Погожочная яма | страница 13
Ленька уже был в дверях, и прохлада летней ночи втекала беспрепятственно в пещеру барака, внося облегчение в изнурительную тесноту арестантского обиталища. Из-за стражной стены подымалось в небо половодье света сторожевых фонарей и ослепительных прожекторов, и небо терялось в звездной красе своей для взгляда. Острые камешки разрушенного тысячами ног бедовых невольников асфальтобетона кололи ступни… Он прошел к пепельнице-полубочке, перевернул ее, придвинул к стене, затем водрузил на нее скамеечку со связанными меж собою ножками… Цепляясь пальцами за швы на металле, которые отдавали еще дневным теплом, Ленька достиг вершины охранной стены, второю рукой ухватился за крыло сторожевого вертлюка, и боль укола отдалась в теле, но он не разжал пальцев, подтянулся на железный заплот.
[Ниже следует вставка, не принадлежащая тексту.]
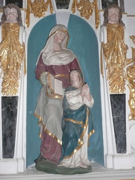 autel, retable, groupe sculpté : sainte Anne et la Vierge

Свет фонарей и ослепительный прожектор ударили в глаза, и близкая вышка со стеклянными просветами по бокам словно качнулась, а может, кто-то внутри там качнулся обеспокоенно, и блеснул не то нож-штык оружия, не то сам вороненый ствол… Торец скамьи из-под правой ноги скользнул по дну полубочки, и Ленька, ощущая, как шипы вертлюка резанули по телу, оборвался с загремевшей скамеечкой вниз и ударился о донный жесткий обод бочки, упав на закованную в бетоноасфальт землю…
Шум падения по железному заплотному занавесу широко разнесся по ночному пространству и, наверное, залетел в барак. Оттуда выскочил широкомордый ночной и на мгновение опешил от увиденного, потом подбежал к Момулькину, крикнул: «Ты чего, падла, делаешь? Чего удумал, скот бездомный, бежать, что ли?» Потом появились регистратор-шнырь и старшина, сонный, в китайских, кофейного цвета исподниках. «Чего ты, блин, спал, што ли, чего ты его выпустил?» — ругнул ночного, с отвращением глядя на лежавшего Момулькина, будто это была какая-то зловонная вещь… Момулькин, держась за перевернутую полубочку и сжимая мокрый уголок кофты, приподнялся. Было тошно, хотелось плюнуть на бархатные тапочки старшины. И вообще на всех и на все плюнуть, но сил не было, болела нога, ныло в боку, ладонь была мокрой от крови. Он поднялся, боясь наступить на больную ногу, и, собравшись с силами, чтобы не закричать и перемочь боль, медленно побрел в барак…»
Предстояло жить дальше. Но как? — этого он не знал. Меня поразила судьба Леньки Момулькина, столь остро, почти болезненно напоминавшая давнюю встречу с таким же страдальцем из таежного поселка Ревучего, Юрой Семеновым, «юнгой в бушлате на вырост», склонным к побегу, как будто оба они были слеплены из одного теста, в одном огне жарились — и мне даже почудилось в какой-то миг, что это не Ленька Момулькин, доведенный до полного отчаяния «оскотиненным бытом», а Юрка Семенов, сам себе подписавший окончательный приговор, бросился на колючие стражные вертлюки, чтобы вызвать на себя карательный огонь.